The U.S. imports more goods from Mexico, Canada, and China than any other countries, with U.S. Census data confirming their status as the top-three importers. Experts predict that the Trump administration’s swift implementation of tariffs could lead to price increases, creating uncertainty for construction contractors managing material costs. Anirban Basu, chief economist for the Associated Builders and Contractors of America, warned, “Heading into 2025 it’s unclear if prices will remain so well-behaved,” adding that tariffs could drive short-term price hikes as companies rush to import materials before the new policies take effect.

Ken Simonson, chief economist for the Associated General Contractors, noted that the construction industry is particularly reliant on imported materials and that the impact of tariffs could vary regionally depending on whether contractors use domestically sourced or imported materials. Reflecting on previous tariffs enacted by Trump, Simonson recalled that the 25 percent tariffs on steel and 10 percent on aluminum caused supply chain disruptions and price increases. He also warned of potential retaliatory tariffs from other countries. “Both the tariff-induced price increases and the responses are likely to be damaging to construction firms and to the demand for construction,” Simonson said.

Construction materials like Canadian softwood lumber, steel, concrete, and asphalt could see price hikes due to the proposed tariffs, with Mike Salsgiver, executive director of the Associated General Contractors Oregon-Columbia chapter, stating, “Anything that contributes to further increased price of materials is never a good thing for the industry or the public.”

While tariffs might benefit domestic producers, such as Timberlab in Oregon, some experts believe they could harm overall industry stability. Jordan Schnitzer, CEO of Schnitzer Properties, suggested that Trump’s tariff rhetoric might be a negotiation tactic rather than an actual policy shift, noting, “I think President Trump will use that as a threat and not enact the draconian tariffs he’s talked about.”

Josh Levy, a partner at Husch Blackwell law firm, highlighted the unpredictability tariffs would introduce, especially as the construction industry continues to rely heavily on imports. Levy expressed concerns that tariffs would increase material costs, especially following the volatility caused by the pandemic and geopolitical issues. “Now injecting policy to make that material likely more expensive is going to impact how jobs move forward,” Levy said.

Dan Wilson, an international trade and supply chain attorney, explained that the Trump administration is likely to target aluminum, steel, and softwood lumber, which could further disrupt the construction industry. “Tariffs are expected to home in on Chinese steel sources, and Canadian softwood lumber suppliers will likely face renewed challenges,” Wilson said.

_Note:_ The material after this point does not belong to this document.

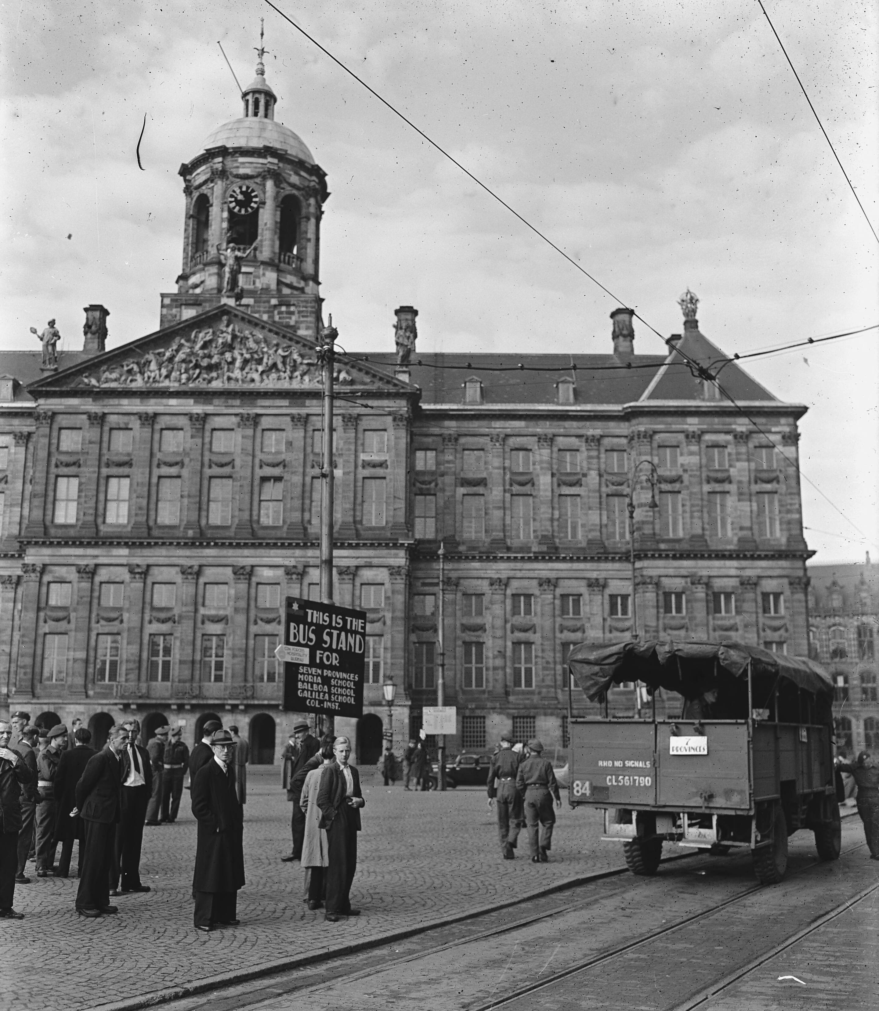 "Een wandeling door Amsterdam" De Dam met op de achtergrond het Koninklijk Paleis. Mannen staan bij een bord met opschrift "This is the Bus Stand for seven provinces Moria School, Balboa School, Galilea School, Col-Int. Een pijl wijst naar "Cdn. Forces Hospitality Bureau". Rechts een legertruck met achterop een bord met opschrift "7 Provinces"

The impact of tariffs on project financing is also a concern, as price fluctuations could delay or disrupt project funding. Contractors will need to be vigilant in tracking material prices and adjust their strategies accordingly, particularly as U.S. manufacturers compete with imports. Wilson cautioned that construction firms would need to diversify their supply chains to account for the potential disruptions caused by tariffs.

The new administration's emphasis on domestic production could lead to stricter preference rules favoring local suppliers. With potential changes to legislation like the Infrastructure Investment and Jobs Act, construction firms will need to stay agile as the policy landscape shifts under the incoming administration. "This incoming administration has done its homework,” Wilson said, “so, we might even see quicker action than was the case in the first administration when it comes to tariffs.”